Typh Barrow : de la sensibilité, de la créativité, une voix envoûtante et beaucoup de talent

J’ai eu l’occasion d’entendre la voix suave de Typh Barrow lors d’un concert privé et je suis tombée sous le charme de cette personnalité naturelle. C’est donc tout à fait logiquement que j’ai pensé à elle pour ma nouvelle rubrique « Ces Belges qui m’inspirent ».

Typh Barrow

Le rendez-vous avec l’artiste de 30 ans a été rapidement concrétisé (surprenant quand on sait que d’autres personnalités nettement moins médiatisées ne prennent même pas la peine de répondre à une demande d’interview).  Assurément cette jeune chanteuse n’a pas pris un milligramme de grosse tête.

Saviez-vous que le chanteur californien Coolio, séduit par cette voix cassée, a retweeté le cover de Gangsta’s Paradise en affirmant que c’était le meilleur qu’il ait jamais entendu? Qui peut en dire autant ?

Loin d’être une inconnue pour les amateurs de musique soul pop, c’est 6 ans après son premier single que sort l’album de la jeune bruxelloise. Raw est à peine sorti qu’il rentre déjà dans l’Ultra Top.

Cette oeuvre, travaillée dans les moindres détails, aux textes et musiques entièrement signés par Typh, est remplie de sensibilité. Définir Raw est difficile. Il demande à être dégusté comme les meilleurs vins pour en découvrir pas à pas les différentes influences et sonorités particulières qui font tout l’univers de Typh Barrow.

Sa voix de diva noire, tantôt émouvante tantôt fragile, tranche avec son look de jeune fille branchée aux yeux bleus. C’est sans tabou que cette solitaire nous livre les émotions qui sont les siennes.  Et ce n’est pas parce qu’une partie de l’album a été enregistrée sur du matériel des années 60 qu’il n’est pas rempli de modernité, au contraire. Eclatant et musclé, Raw nous entraîne au fil des titres dans un crescendo musical aux ambiances mystérieuses et intemporelles.

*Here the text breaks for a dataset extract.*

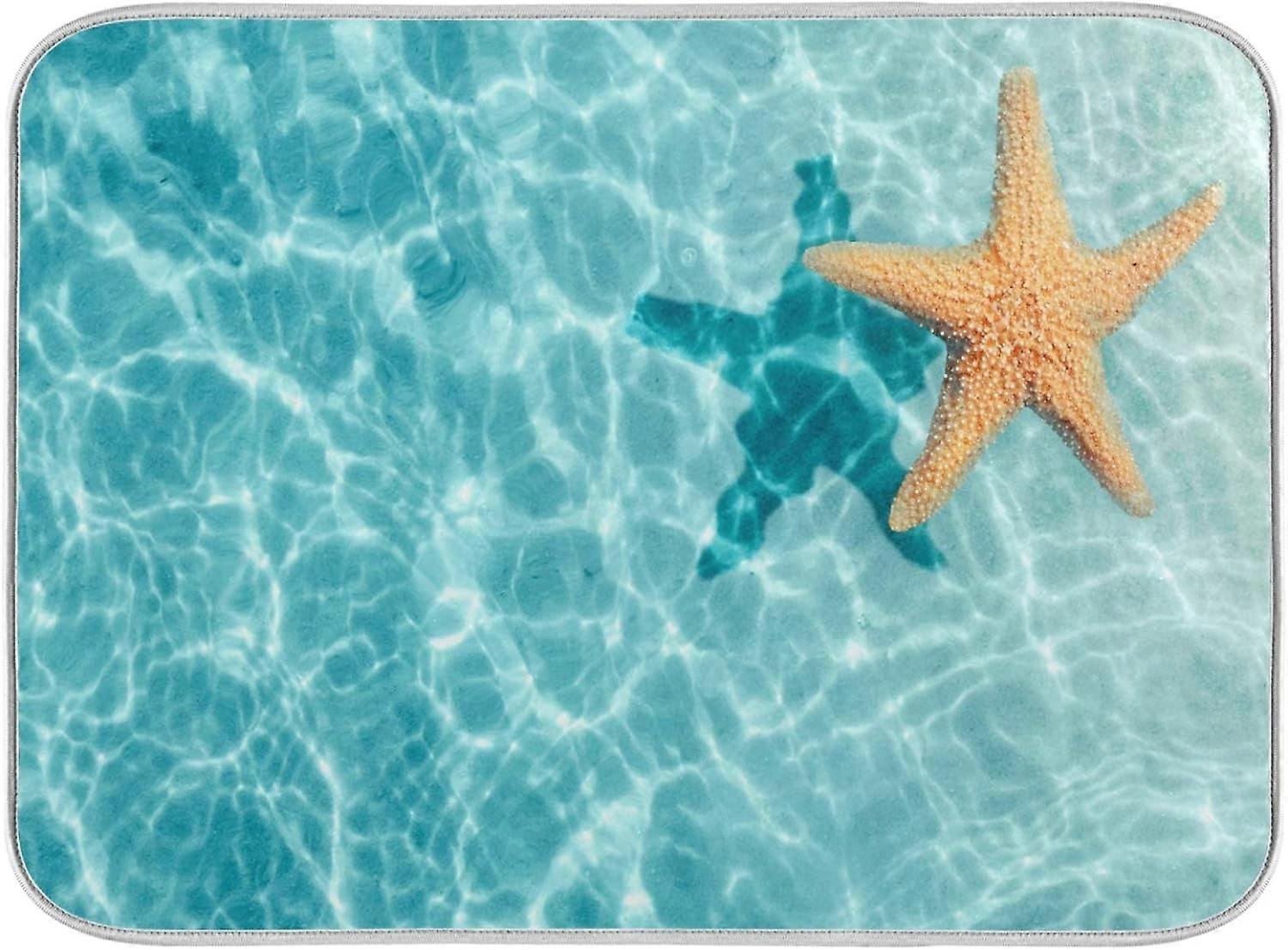 Summer Starfish Beach Dish Drying Mat, Tropical Ocean Design, Absorbent & Easy-Clean Drainer Mat for Kitchen Sink (18"x24")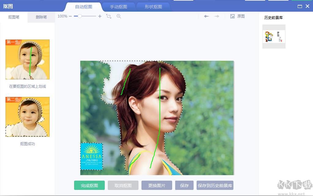 3、左邊有三種摳圖模式供大家選擇,我們先來試試自動摳圖‘,使用畫筆,在要摳圖的區(qū)域畫線就可以了。然后會自動出現選區(qū);

On n’a pas fini d’entendre parler de cette jeune demoiselle, je vous le prédis.

Typh Barrow

On dit que c’est en cassant le tourne-disque de votre père que vous avez commencé à pratiquer votre passe-temps préféré, la musique. Est-ce la réalité ou une anecdote un peu enrobée ?

« J’avais déjà commencé la musique à l’âge de 5 ans. Mes parents m’avaient donné la chance d’apprendre le solfège. C’est un peu plus tard que j’ai découvert le vieux tourne-disque de mon père et que je suis tombée amoureuse de la voix de Stevie Wonder. En écoutant un de ses vinyles, j’ai cassé le bras du fameux tourne-disque. J’étais très jeune et je savais à peine comment il fonctionnait.  Du coup, j’ai du me cacher pour pouvoir l’utiliser. Ce n’est pas ce qui m’a donné le goût de la musique, mais c’est ce qui m’a donné l’admiration pour Stevie Wonder. C’est dans la musique anglo-saxonne des années 60-70 que j’ai baigné. Le blues, la soul, Miles Davis, Eric Clapton, BB King sont les musiques et les interprètes que j’écoutais. »

Votre album s’intitule RAW ce qui veut dire brut ou pur en français, quelle signification a-t-il pour vous ?

« Ca veut pouvoir dire plusieurs choses en anglais. Pour moi, c’était une évidence. Cela fait référence à la conception brute et à l’ancienne de l’album. Bien sûr, il y a un travail de sophistication après. Beaucoup de post-prod pour y apporter la touche de modernité. Raw, c’est aussi la matière première, la toile de fond que je voulais assez brute. Il y a encore la référence à ma personnalité que j’avais envie de montrer. Je sais que les gens ont une image de moi qui peut parfois être sophistiquée, sûre d’elle. Beaucoup pensent que je suis une femme forte alors qu’en fait j’ai une personnalité assez ambivalente. L’extérieur, c’est ma carapace, donc c’est clair que cela fait partie de moi. Mais derrière il y a quand même un côté très à fleur de peau, un peu fragile. J’avais envie de livrer aussi cette dualité avec mon côté garçon manqué. »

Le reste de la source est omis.